Vehicle maintenance — all the overlooked work

Finally don’t fall prey to only considering the work it would take to train your algorithm. Today most folk will now think about training AND scoring the models. Hopefully you’ll also realise that you will need to RETRAIN the models. And redeploy them.

Add to that work to improve your closed feedback loop — both the data quality and the label accuracy. You’ll also need a holistic and reliable way to manage your audience splitting when you want to run many models or model versions in production. Unless you have a very simple product and user base, there’s a hidden world of complexity in audience splitting for a product experience that plays out over a longer time horizon than ‘which button text gives me the highest cart conversion rate’.

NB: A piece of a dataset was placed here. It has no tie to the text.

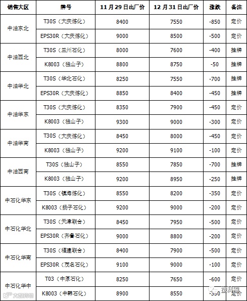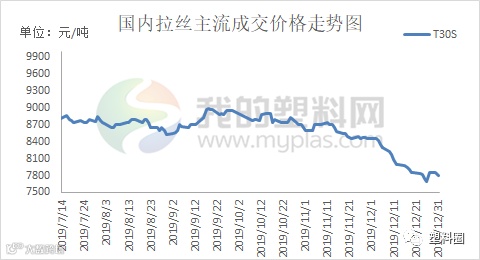 根据我的塑料网真实成交数据显示,本月国内PP市场价格呈下跌态势。截止12月31日,国内拉丝主流成交价格在7450-7900元/吨左右,整体价格较上月下跌500-600元/吨左右;低融共聚主流价格在8350-9200元/吨左右;价格较上月下跌300-450元/吨左右。

You may also find you have internal change management challenges if you are automating work currently undertaken by your coworkers in customer support or sales. It takes time to trust that a machine can actually do a decent job.

4WD — or not?

So we can see that machine learning systems have some similarities to offroad vehicles. Expensive to build, expensive to maintain — but for some business problems, ML offers a useful solution. The real trick is to figure out whether, or not, ML adds value.

Total cost of ownership, responsible use and maintenance are all factors — but the key questions are “How good does it have to be to be useful?” and “How good can we make it with today’s data and workflows?” Figuring out whether there is overlap, or not, between the bounds of do-ability and ‘can be useful’-ness is the first step in figuring out whether you want ML with that.